::: RECORD EXCERPTS :::
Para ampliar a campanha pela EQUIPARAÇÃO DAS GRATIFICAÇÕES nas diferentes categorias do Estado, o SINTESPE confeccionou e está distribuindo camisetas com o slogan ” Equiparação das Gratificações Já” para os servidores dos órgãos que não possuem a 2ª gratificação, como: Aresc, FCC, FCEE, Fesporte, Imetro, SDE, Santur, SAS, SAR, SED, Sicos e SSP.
:::
::: RECORD EXCERPTS :::
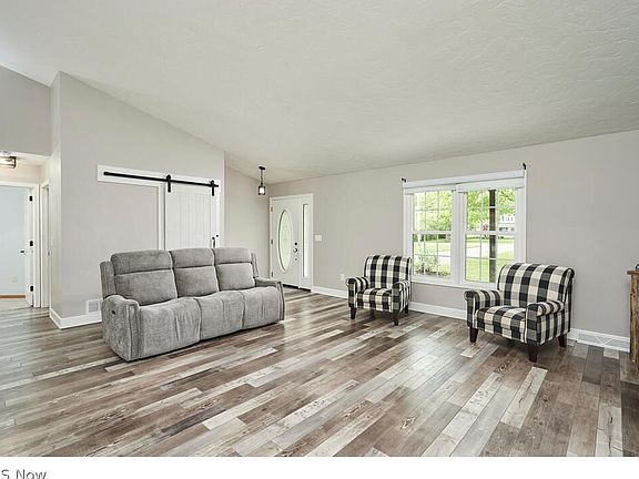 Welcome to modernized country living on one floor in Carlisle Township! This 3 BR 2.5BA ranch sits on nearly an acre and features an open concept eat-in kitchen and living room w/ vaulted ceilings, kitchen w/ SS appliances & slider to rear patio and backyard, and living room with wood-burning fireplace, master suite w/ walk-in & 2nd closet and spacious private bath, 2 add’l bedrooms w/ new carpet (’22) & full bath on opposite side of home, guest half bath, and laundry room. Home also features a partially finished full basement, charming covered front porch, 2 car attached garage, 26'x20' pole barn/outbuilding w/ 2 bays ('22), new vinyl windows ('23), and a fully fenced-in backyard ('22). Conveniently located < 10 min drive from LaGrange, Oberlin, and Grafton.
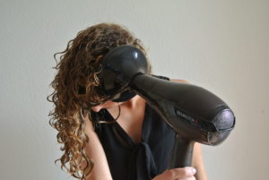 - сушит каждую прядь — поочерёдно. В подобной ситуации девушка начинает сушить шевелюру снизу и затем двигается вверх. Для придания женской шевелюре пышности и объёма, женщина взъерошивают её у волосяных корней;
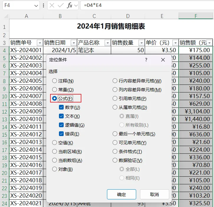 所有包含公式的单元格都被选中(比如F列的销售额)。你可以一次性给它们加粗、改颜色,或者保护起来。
:::
::: RECORD EXCERPTS :::
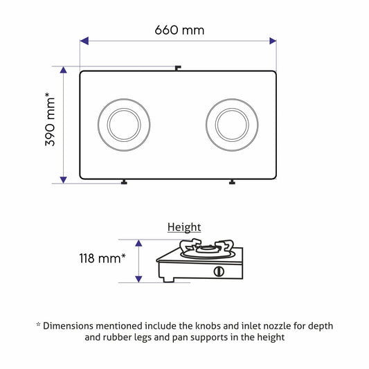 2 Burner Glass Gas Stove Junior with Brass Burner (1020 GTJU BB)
:::
TASK DETAILS
Your copy should hold only the lines above from the one containing "- сушит каждую" through the one containing "所有包含公式的单元格都被选中", exactly as written and free of pictures.

EXERCISE ANSWER
 - сушит каждую прядь — поочерёдно. В подобной ситуации девушка начинает сушить шевелюру снизу и затем двигается вверх. Для придания женской шевелюре пышности и объёма, женщина взъерошивают её у волосяных корней;
 所有包含公式的单元格都被选中(比如F列的销售额)。你可以一次性给它们加粗、改颜色,或者保护起来。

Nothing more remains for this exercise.